Part 1 - Calculate global mean temperature
==========================================

Prepared by *Mathias Hauser*.

In the first part we will work with *Near-Surface Air Temperature* data (*tas*) from
climate models. We will load global, gridded temperature fields and compute the global
mean temperature.

We look at climate simulations from 1850 to 2100. The simulations are split into two parts:
the first covers the historical period from 1850 to 2014 and the second the
"future" from 2015 to 2100. The historical simulation uses historical
data of greenhousegases (GHGs), aerosols etc.. The projections for the
future climate use scenarios with potential pathways of the forcing
agents, named *shared socioeconomic pathways* (SSP). Here, we will use a
scenario with high radiative forcing by the end of century and thus a
strong warming, named SSP5-8.5 (or ssp585). We will start by looking at two climate
models.

.. admonition:: Learning goals
   :class: important

   - **programming goals**

     - open netCDF files using xarray and manipulate them
     - write a python function that can be reused later

   - **scientific and data analysis goals**

     - using exploratory data analysis to examine the data structure and plot a subset of the data
     - understand the differences between weighed and unweighted global means
     - see what temperature changes are projected for the next century for a high emisson scenario and how climate models can differ considerably

Preparation
-----------

#. Create a new notebook in the `code` folder and make sure you select
   `ipp_analysis` as kernel. Rename the notebook from `Untitled.ipynb` to
   `p1_global_mean_name.ipynb` where you replace `name` with
   your ETH username.
#. Convert the first cell to Markdown and add a title,
   e.g. ``# Global mean temperature`` and add your name on a new line.
#. Add a new cell and import the required packages.

   .. code:: python

      import matplotlib.pyplot as plt
      import numpy as np
      import xarray as xr

.. note::

   For students if the ip python course: please submit the finished notebook on the
   first hand in date.


Read temperature data (ACCESS-CM2)
----------------------------------

The first step in a scientific investigation is usually to load the data we want to analyse.
Here we read the data from the `"ACCESS-CM2"` model. The data is located at
`"../data/cmip6/tas"`. This is a file path relative to the location of the notebook `".."`
means 'one folder upwards'.

#. Create a new cell and change it to a ``Markdown`` cell. Add

   ::

      ## Read temperature data (ACCESS-CM2)
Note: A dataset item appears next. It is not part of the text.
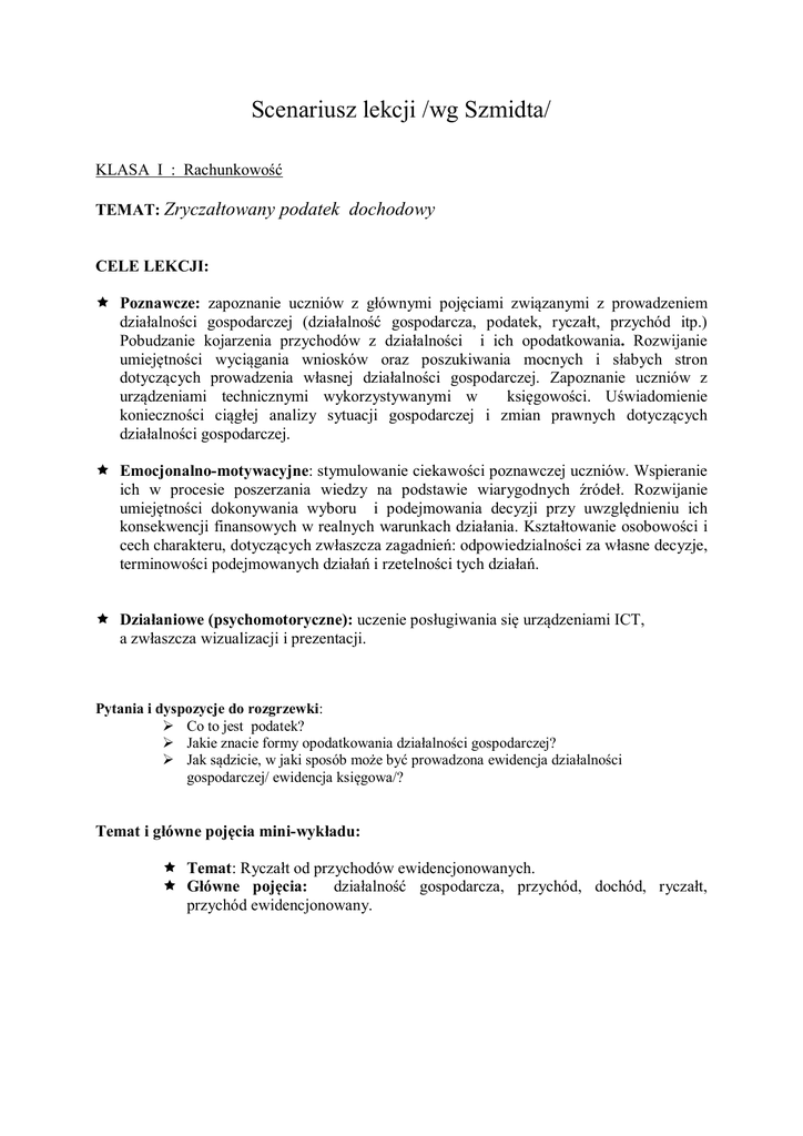 Scenariusz lekcji /wg Szmidta/ KLASA I : Rachunkowość TEMAT: Zryczałtowany podatek dochodowy CELE LEKCJI: Poznawcze: zapoznanie uczniów z głównymi pojęciami związanymi z prowadzeniem działalności gospodarczej (działalność gospodarcza, podatek, ryczałt, przychód itp.) Pobudzanie kojarzenia przychodów z działalności i ich opodatkowania. Rozwijanie umiejętności wyciągania wniosków oraz poszukiwania mocnych i słabych stron dotyczących prowadzenia własnej działalności gospodarczej. Zapoznanie uczniów z urządzeniami technicznymi wykorzystywanymi w księgowości. Uświadomienie konieczności ciągłej analizy sytuacji gospodarczej i zmian prawnych dotyczących działalności gospodarczej. Emocjonalno-motywacyjne: stymulowanie ciekawości poznawczej uczniów. Wspieranie ich w procesie poszerzania wiedzy na podstawie wiarygodnych źródeł. Rozwijanie umiejętności dokonywania wyboru i podejmowania decyzji przy uwzględnieniu ich konsekwencji finansowych w realnych warunkach działania. Kształtowanie osobowości i cech charakteru, dotyczących zwłaszcza zagadnień: odpowiedzialności za własne decyzje, terminowości podejmowanych działań i rzetelności tych działań. Działaniowe (psychomotoryczne): uczenie posługiwania się urządzeniami ICT, a zwłaszcza wizualizacji i prezentacji. Pytania i dyspozycje do rozgrzewki: Co to jest podatek? Jakie znacie formy opodatkowania działalności gospodarczej? Jak sądzicie, w jaki sposób może być prowadzona ewidencja działalności gospodarczej/ ewidencja księgowa/? Temat i główne pojęcia mini-wykładu: Temat: Ryczałt od przychodów ewidencjonowanych. Główne pojęcia: działalność gospodarcza, przychód, dochód, ryczałt, przychód ewidencjonowany. Opis ćwiczenia 1: Tytuł: Ryczałt Cele: Umiejętność ustalania stawki ryczałtu na podstawie rodzaju prowadzonej działalności gospodarczej oraz określenia rodzajów działalności wyłączonych z ryczałtu. Czas trwania: 20 minut Pomoce: podręcznik, Internet- ustawa o zryczałtowanym podatku zryczałtowanym, długopisy i kartki Aranżacja przestrzeni: ćwiczenia przy stanowiskach komputerowych w dwuosobowych grupach Przebieg ćwiczenia: Uczniowie zapoznają się z informacjami zawartymi w podręczniku przedmiotowym a następnie wyszukują informacje zawarte w ustawie oraz w załączniku do ustawy. Zapisują na kartkach stawki ryczałtu oraz odpowiadające im rodzaje działalności gospodarczej. Pytania i dyspozycje do omówienia ćwiczenia: Każda grupa czyta swoje notatki sporządzone na podstawie Internetu. Pozostałe grupy sprawdzają poprawność odczytywanych informacji. Na zakończenie nauczyciel pyta czy uzyskanie informacji na podstawie ustawy sprawiało trudności? Opis ćwiczenia 1: Tytuł: Formy ewidencji przy podatku zryczałtowanym Cele: Umiejętność ewidencji zdarzeń gospodarczych w ewidencji przychodów Czas trwania: 15 minut Pomoce: podręcznik, zeszyty przedmiotowe, długopisy Przebieg ćwiczenia: Uczniowie zapoznają się z informacjami zawartymi w podręczniku przedmiotowym dotyczącymi zasad ujmowania zdarzeń gospodarczych w ewidencji przychodów. Nauczyciel krótko omawia wiadomości zawarte w podręczniku, objaśnia różnice w ewidencji u podmiotów będących podatnikami VAT i nie będących podatnikami VAT. Następnie wspólnie z nauczycielem analizują i zapisują zdarzenia na przykładzie konkretnego podmiotu gospodarczego / ćwiczenie z podręcznika przedmiotowego/ po uprzednim określeniu stawki ryczałtu dla danego rodzaju działalności. Pytania i dyspozycje do omówienia ćwiczenia: Uczniowie podsumowują wykonane ćwiczenie, przedstawiają swoje uwagi i spostrzeżenia dotyczące zasad ewidencji zdarzeń gospodarczych przy ryczałcie ewidencjonowanym. Pytania i zagadnienia do podsumowania lekcji: Czego dowiedziałeś się na podstawie dzisiejszego ćwiczenia? Czy Twoim zdaniem ewidencja księgowa obowiązująca ewidencjonowanym jest trudna ? przy ryczałcie Treść zadania domowego: Napisz kilka zdarzeń gospodarczych dla wybranego podmiotu gospodarczego opodatkowanego w formie ryczałtu, które miały miejsce w jednym miesiącu i dokonaj ich rejestracji w ewidencji przychodów otrzymanej od nauczyciela/ kserokopia strony z ewidencji przychodów /. Podlicz wszystkie zarejestrowane przychody. Opracowała: Joanna Drabik Zespół Szkół Zawodowych nr 1 w Strzelcach Opolskich

   as title. I strongly suggest you do this for all sections.

#. Create a new code cell. Define the filename and open the historical
   data using xarray.

   .. code:: python

      filename = "../data/cmip6/tas/tas_ann_ACCESS-CM2_historical_r1i1p1f1_g025.nc"
      hist = xr.open_dataset(filename)

#. Create a new code cell (I won't repeat this from now on). Look at the representation
   of ``hist`` - i.e. write ``hist`` in the new code cell and execute it.

   - What variables (``data_vars``) are on the file?
   - What dimensions?
   - What time period does the dataset cover?

#. Select the first year using ``hist.isel(...)``, select
   the variable ``tas`` and create a plot using ``.plot()``.

#. Open the projected future temperature data (ssp585) of ACCESS-CM2.

   .. code:: python

      filename = ...
      proj = ...

#. Again, take a look at ``proj`` - compare the ``year`` coordinates.

#. Next we want to combine the ``hist`` and ``proj`` datasets. One way to do this is to
   use ``xr.concat`` to concatenate them along the year dimension (use ``xr.concat?``
   to get the docstring, or check the online documentation: `xr.concat
   <https://docs.xarray.dev/en/stable/generated/xarray.concat.html>`_).

   .. code:: python

      ds1 = xr.concat(...)

#. Check the ``year`` coordinates of ``ds1`` and make sure it runs from 1850 to 2100.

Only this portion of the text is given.